**TASK DETAILS**
Beginning with the line that holds "Das Bild ist" and ending with the last line of the entries, please output each line exactly, apart from any pictures.
#####
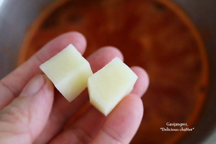 끓으면 감자를 넣고 반 정도 익을 때까지 끓여주세요.
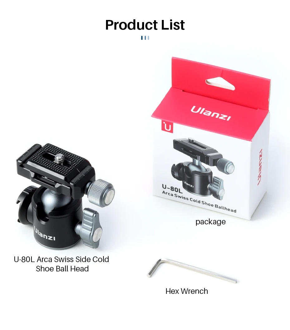 - 1 x Đầu ballhead Ulanzi U-80L Arca Swiss Side
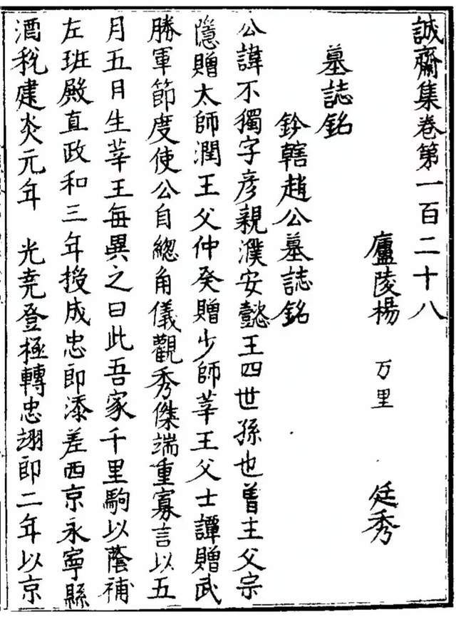 公讳不独,字彦亲。濮安懿王A①四世孙也。曾王父②宗隐,赠太师、润王。王③父仲癸,赠少师、辛王④,父士谭,赠武胜军节度使。公自总角⑤仪观秀杰,端重寡言。以五月五日生,莘王每异之曰:“此吾家千里驹。”以荫⑥补左班殿直。⑦政和⑧三年,授成忠郎⑨,添差⑩西京永宁县酒税B①。建炎②元年,光尧③登极,转忠翊郎④,二年以京西北路制置司辟命⑤,权知⑥西京永宁县事,兼总辖軍马。时胡骑南牧⑦,所在盗起,永宁当贼冲,公毅然以维城为己任,缮修战械,峙粮立壁⑧,振作士气。屡立战功。邻邑相继不守,公境独全。绍兴三年,内外阻绝,西京遂陷。公与弟不庶、不忙,率公族及乡里豪杰,各堑山为砦以拒贼。来则御,去则袭。一日,伪齐步军太尉王胜大军倏至,远近震拢,公挺身与战,屡㨗。七年⑨粮尽援绝,势不能复支,遂率所部数千人南归。天子嘉叹!赉予优渥⑩,特转四官,令吏部授优异职。未几,转武节郎C①,授建康府兵马都监。制曰:“赵某忠义可嘉。″又曰:“以劝臣节。”公在建康,威名焯著,盗敚②屏迹。留守晁谱之倡诸公间③论荐④,章⑤交公车⑥,转⑦武功郎⑧,历抚、吉、南康、临江兵马都监⑨,官吉者再。公屡总材官,习熟李法⑩,操切吏士,威信斩斩,匹马夕掫,狱市宁壹。偷儿D①相戒曰:“是尝赤手执虏,何可犯也!″三十年,转武翼大夫②,衡州兵马钤辖③。上即位,转武经大夫,主管台州崇道观。后转武节大夫,吉州兵马钤辖。再迁武德大夫。尧光圣寿七十湛恩④,转武功大夫。公虽帝王子孙,而少历行阵,精骑射,善用兵,孙吴之书⑤,口讲心计,洞达⑥奇正,沈涵⑦策谋,临机料敌,冰解雪释。每诵贾生语曰:“何不试臣为属国,请必系单于,笞中行悦⑧,”辄太息北向,发上冲冠。及南北罢兵,公亦老矣。戎马之气浣以诗书,群居燕间⑨,黄帽野服,投壶奕棋,一觴一咏,市书充栋,用训子弟。风流文雅,翩翩佳公子也。天性仁厚,方⑩在洛,金虏所过必屠,遗胔E①横道,公见之,躬取蔂梩②掩之。虽在兵间,不忘爱物,严不重伤③,胜不多杀。晚喜浮屠④旸⑤爽盥漱,清坐斋如,诵其语必万周。淳熙三年九月辛未卒,年七十一。十一月某日,葬于吉州城北螺子山女冠平之原。配徐氏,累封安人⑧。男善撙,秉义郎,监潭州南岳庙。皆先公卒。女二人,长适成忠郎、新岳州平江巡检管镕,次早世。孙男四人:长曰汝弼,承节郎,新监潭州南岳庙。次曰汝谐、汝贤、汝翼,皆以公荫补官。孙女四人,长适李纯,次许嫁徐洪、王珏、王希尹。汝弼以公族子善滂所论次行实来谒铭,铭曰:
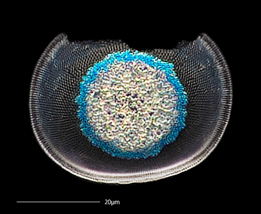 Das Bild ist übrigens auch interessant aufgenommen, die Kieselalge lag in einer Petrischale auf dem Grund in ca. 0.5 cm destilliertem Wasser. Dann mit einem 40x/0.8 "water dipping" Objektiv eingetaucht, und bei einem komfortablen Arbeitsabstand von 3.3mm (bei NA 0.8!) von aussen mit Faserlicht und Tischtennisball beleuchtet.
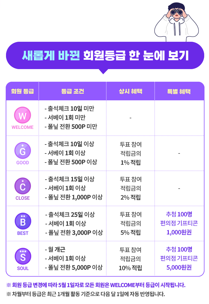 ※ 차월부터 등급은 최근 1개월 활동 기준으로 다음 달 1일에 자동 반영된다.
#####
**ANSWER BOX**
 Das Bild ist übrigens auch interessant aufgenommen, die Kieselalge lag in einer Petrischale auf dem Grund in ca. 0.5 cm destilliertem Wasser. Dann mit einem 40x/0.8 "water dipping" Objektiv eingetaucht, und bei einem komfortablen Arbeitsabstand von 3.3mm (bei NA 0.8!) von aussen mit Faserlicht und Tischtennisball beleuchtet.
 ※ 차월부터 등급은 최근 1개월 활동 기준으로 다음 달 1일에 자동 반영된다.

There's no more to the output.